Analyse de la décision de la Cour d’Appel d’Aix en Provence, 14 mai 2020, n°17/21636 Bulletin des Transports et de la Logistique n°3786 du 25 mai 2020
L’important de la différenciation entre la suspension du délai et l’interruption réside dans leurs effets : l’interruption de la prescription efface le délai acquis jusqu’à lors et fait courir un nouveau délai de même durée que l’ancien.
Alors qu’à l’inverse, la suspension du délai de prescription n’efface pas le délai ancien, il arrête le cours du délai puis le fait reprendre à la fin de la cause de la suspension.
Cependant, parfois, une interruption du délai et une suspension de celui-ci s’entremêlent dans une même affaire, si bien que même les juges ont quelques fois du mal à distinguer les deux.
L’arrêt d’espèce concerne un particulier qui, afin de réaliser des travaux dans sa maison, pris la décision d’entreposer ses meubles dans un garde meubles. Le déménagement de ces meubles est achevé le 14 janvier 2013 par le déménageur. Cependant, un vol sur l’aire d’entreposage conduit le requérant à déplacer le reste de ses meubles dans un autre garde meubles, lesquels sont en parti endommagés durant le transport, avant qu’un dégât des eaux ne survienne dans le second garde meubles les endommageant d’autant plus.

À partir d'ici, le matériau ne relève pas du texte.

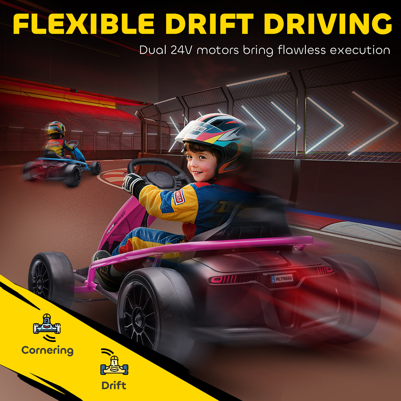 HOMCOM 24V Electric Go Kart for Kids, Drift Ride-On Racing Go Kart with 2 Speeds, for Boys Girls Aged 8-12 Years Old, Pink - Pink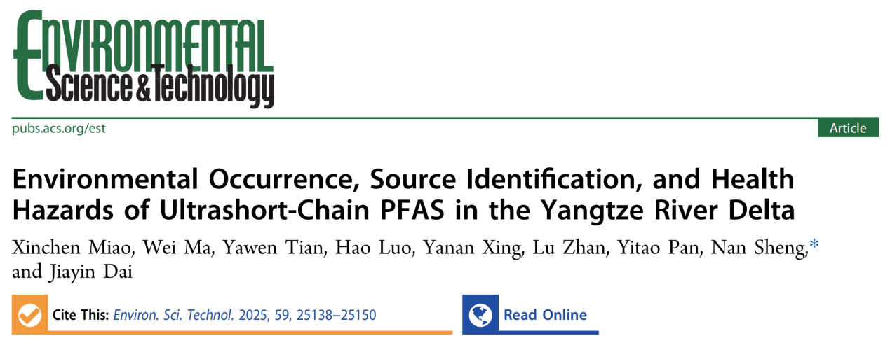 环院智慧 | 戴家银团队ES&T发文揭示长三角一体化示范区超短链PFAS的污染特征、潜在来源与健康风险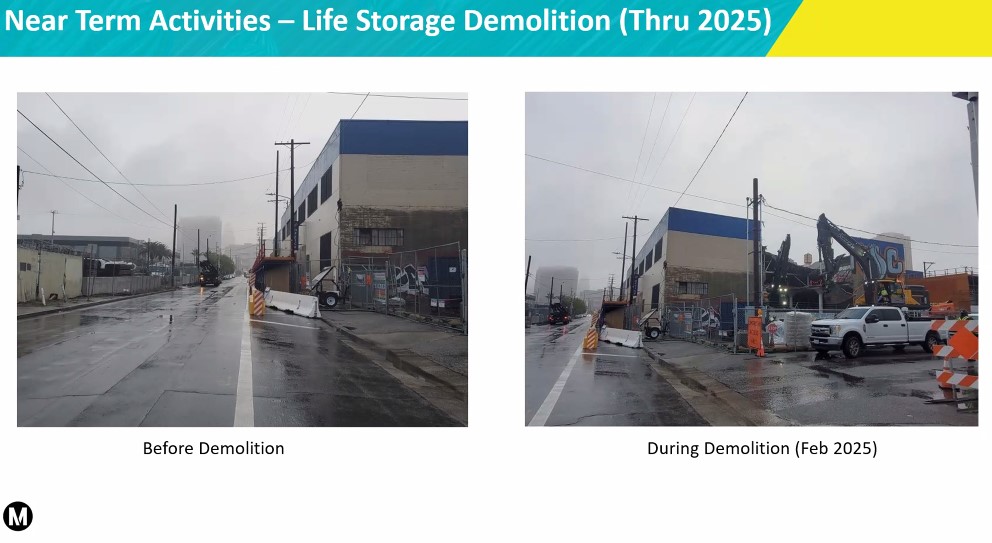 - Early construction is underway for the new Union Station run-through tracks project (LinkUS). Metro shared photos of building demolition taking place at the northeast corner of Center Street and Commercial Street southeast of Union Station. Demolition is visible from from the A Line train or the El Monte busway station.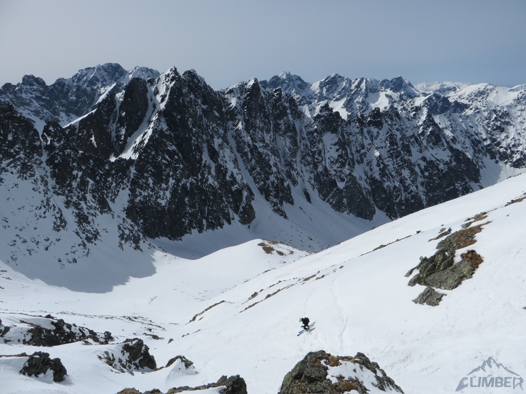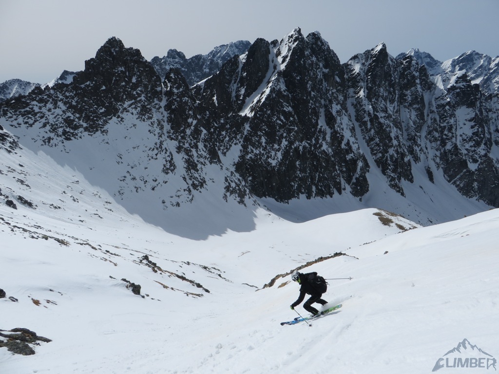 Później jest już jednak lepiej i ochoczo szuramy do góry podziwiając niesamowite widoki na Jaworowy Mur w iście późno-wiosennej temperaturze. Długo oczekiwany zjazd (po przejściu 12-kilometrowego odcinka) daje nam dużo frajdy, chociaż śnieg już jest mocno „puszczony”. Piękna tura w klimatycznej i mało popularnej dolinie przy świetnej pogodzie – to jest to :)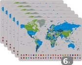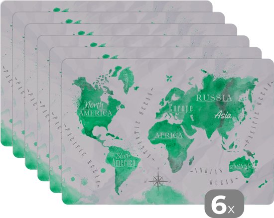 Set de table - Wereldkaart - Peinture à l'huile - Vert - 45x30 cm - 6 pièces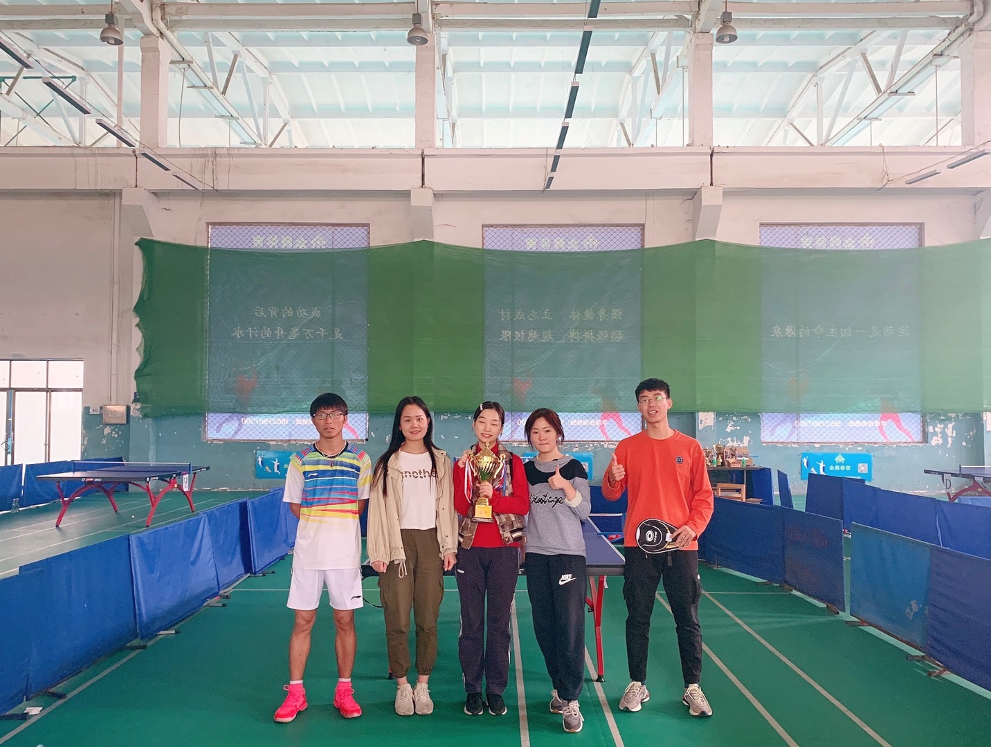 2019年11月16日,中国地质大学(武汉)第15届“地大杯”乒乓球团体赛在北区体育馆举行。由bat365叶咏清、高雨果及李依晴三位同学组成的女子代表队,在本次比赛中过五关斩六将,蝉联中国地质大学(武汉)乒乓球女子团体赛冠军。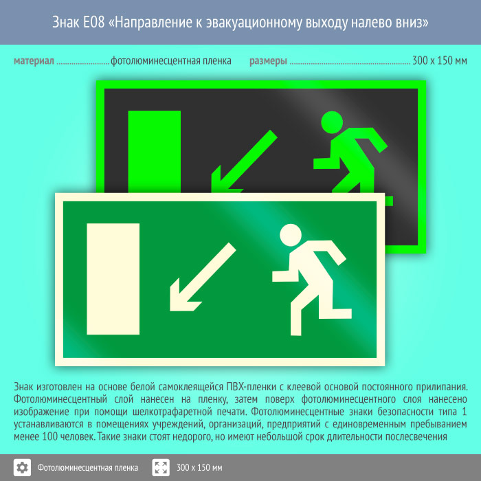 Знак E08 «Направление к эвакуационному выходу налево вниз» (фотолюминесцентная пленка, 300х150 мм) в Химках купить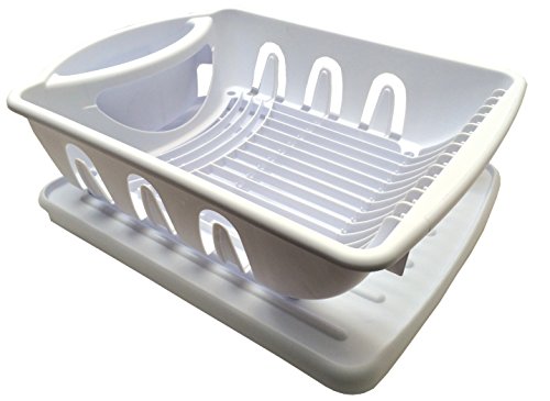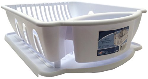 Product Description White Sterilite 2pc Sink Set Dish Rack Drainer Kitchen Storage Organization 21 x 15 x 6 inches makes it ideal for family use Inclined drainboard ensures excess water to flow into sink Flatware holder with drain holes to prevent water from pooling Perimeter cup holders 0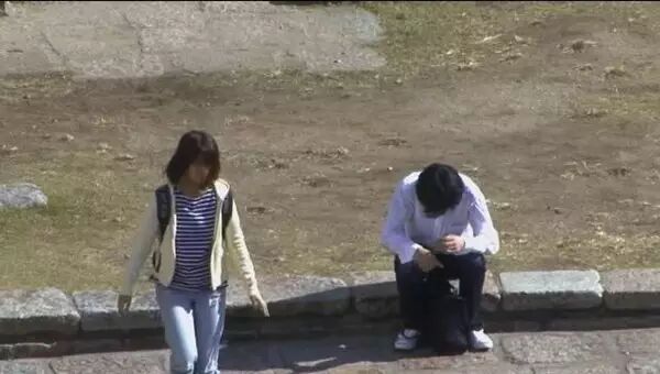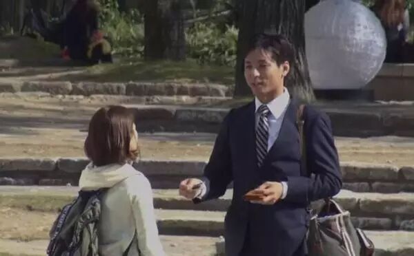 まず一人目のターゲットは道端に座っていた白いワイシャツを着たイケメン。女性は男性にお金を貸してくれるように頼んだ。すると男性は丁寧な口調で「財布が見つからなくて、実はお金を持っていない」と告げ、お金を貸すのを断った。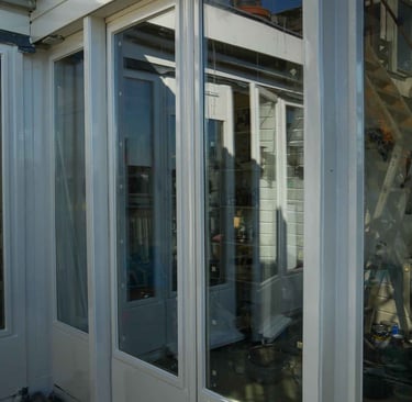 Houtrot in de onderdorpels en hoeken.

Le 28 juillet 2013, le propriétaire instruit une demande en référé expertise.
Le 29 octobre 2013 l’ordonnance subséquente est rendue, et l’expert dépose son rapport le 30 juin 2015.

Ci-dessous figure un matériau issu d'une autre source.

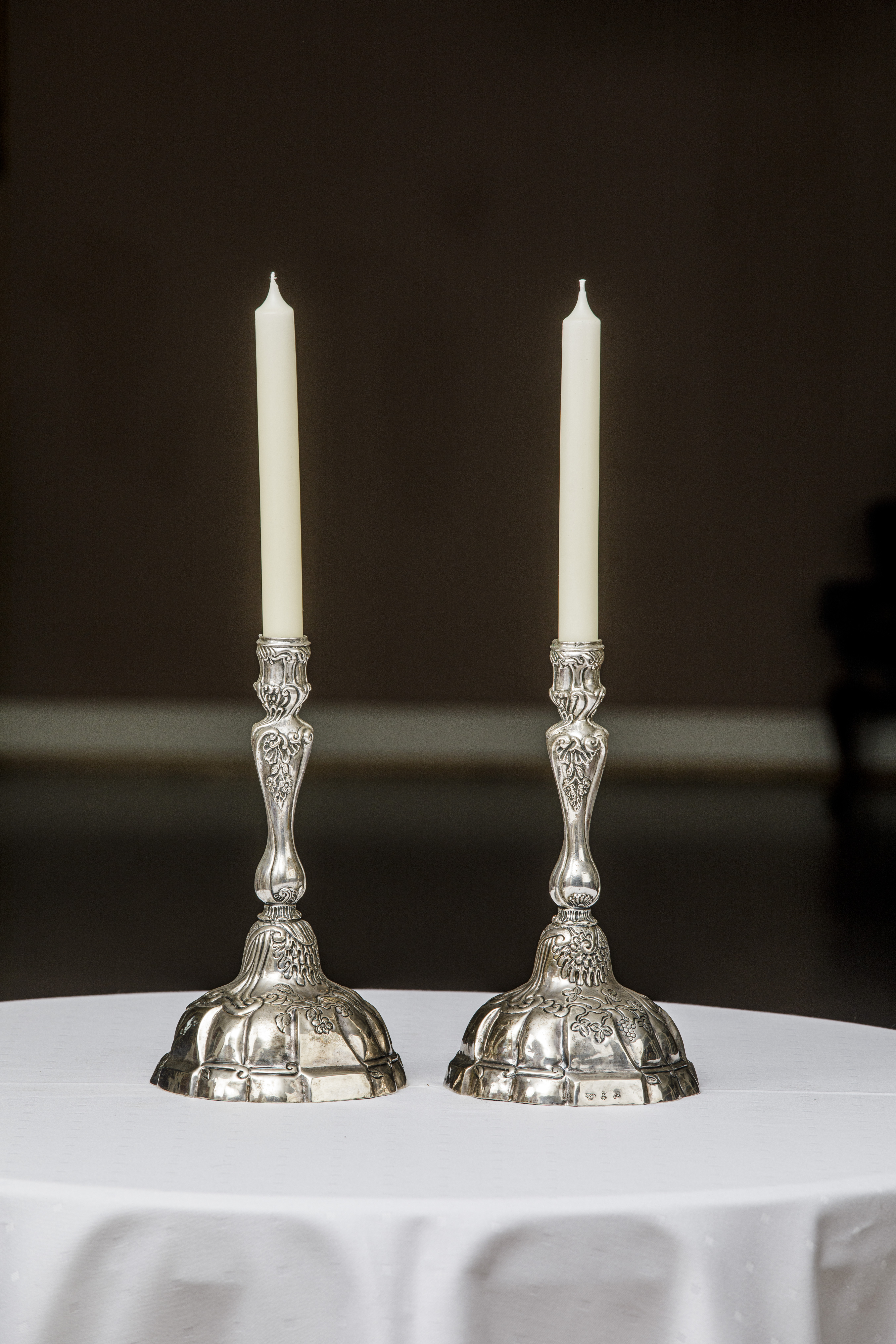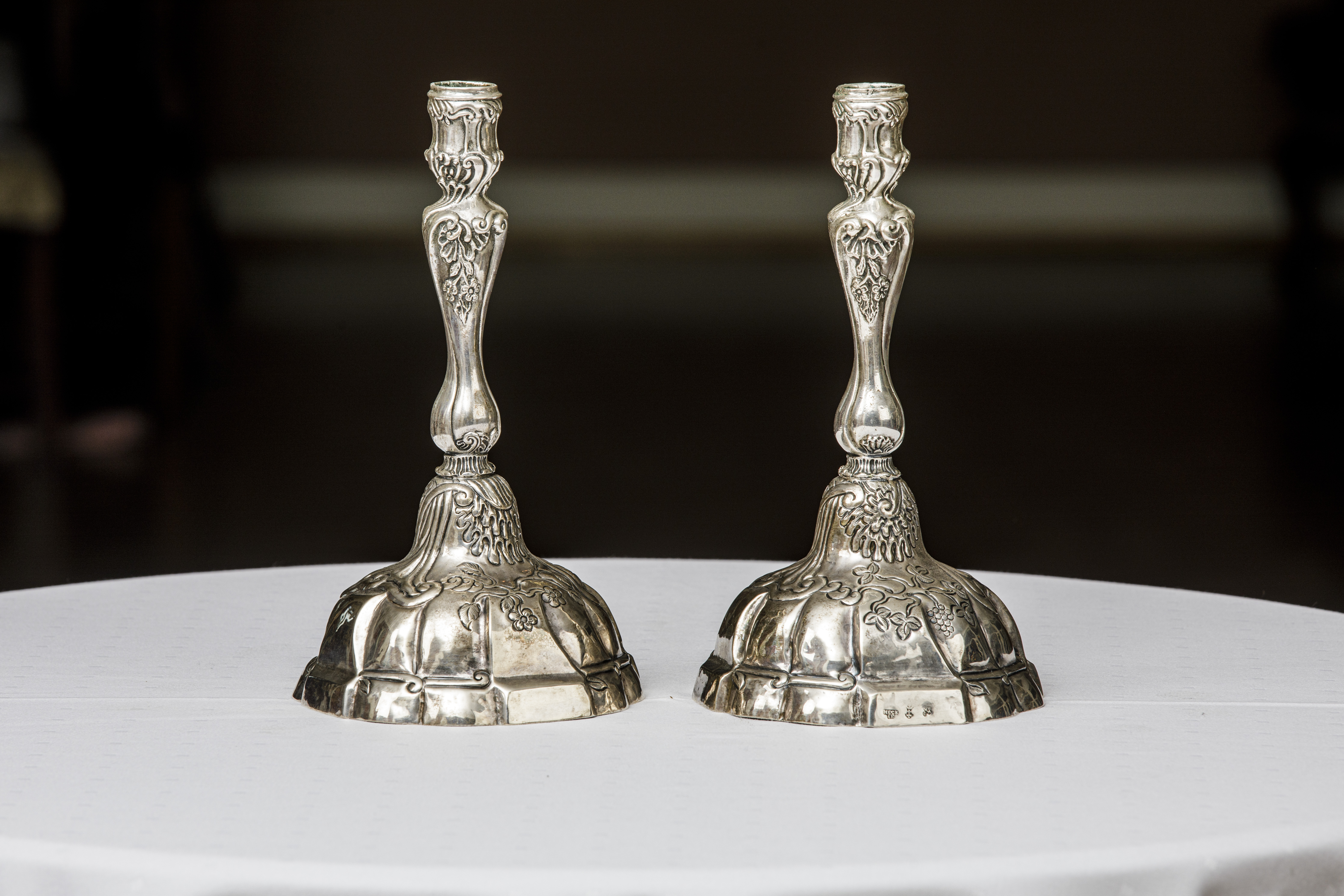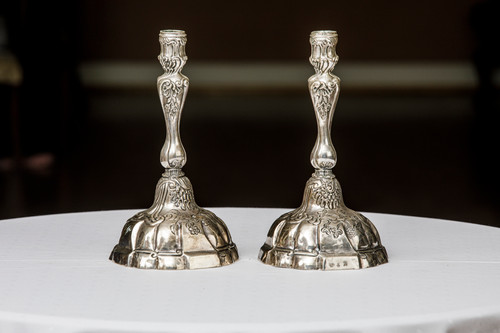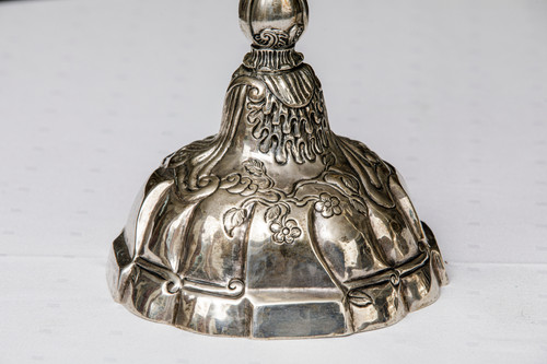 Baluster fot, spiral og blomster-dekor i base, vinløv og rocailler.

Le requérant et Assureurs sont assignés au fond en avril 2016.
Le jugement déclare alors l’action prescrite au regard du délai d’un an prévu par l’article L133-6 du code de commerce.
La CA casse l’arrêt de première instance en revenant sur le calcul et la qualification des suspension et interruption du délai de prescription.
Rappelons en premier lieu que la suspension du délai arrête le cours de celui-ci, alors que l’interruption déclenche un nouveau délai de même durée que l’ancien à compter de la date de l’acte interruptif. (Articles 2230 et 2231 cciv)
En l’espèce, la saisine du juge en référé-expertise est un acte interruptif, qui fait donc courir un nouveau délai de même durée.
Le cours de ce nouveau délai est par contre suspendu par les mesures d’expertises. Cette suspension prend fin à la date de dépôt du rapport d’expertise.
Dans cette affaire, la date de début du nouveau délai accordé par l’acte interruptif est de suite suspendu par la mise en place des mesures d’expertise. Au dépôt du rapport, le délai reprend donc son cours pour un an.
La date de prescription aurait donc été acquise en l’espèce au 30 juin 2016 et l’affaire n’était donc pas prescrite.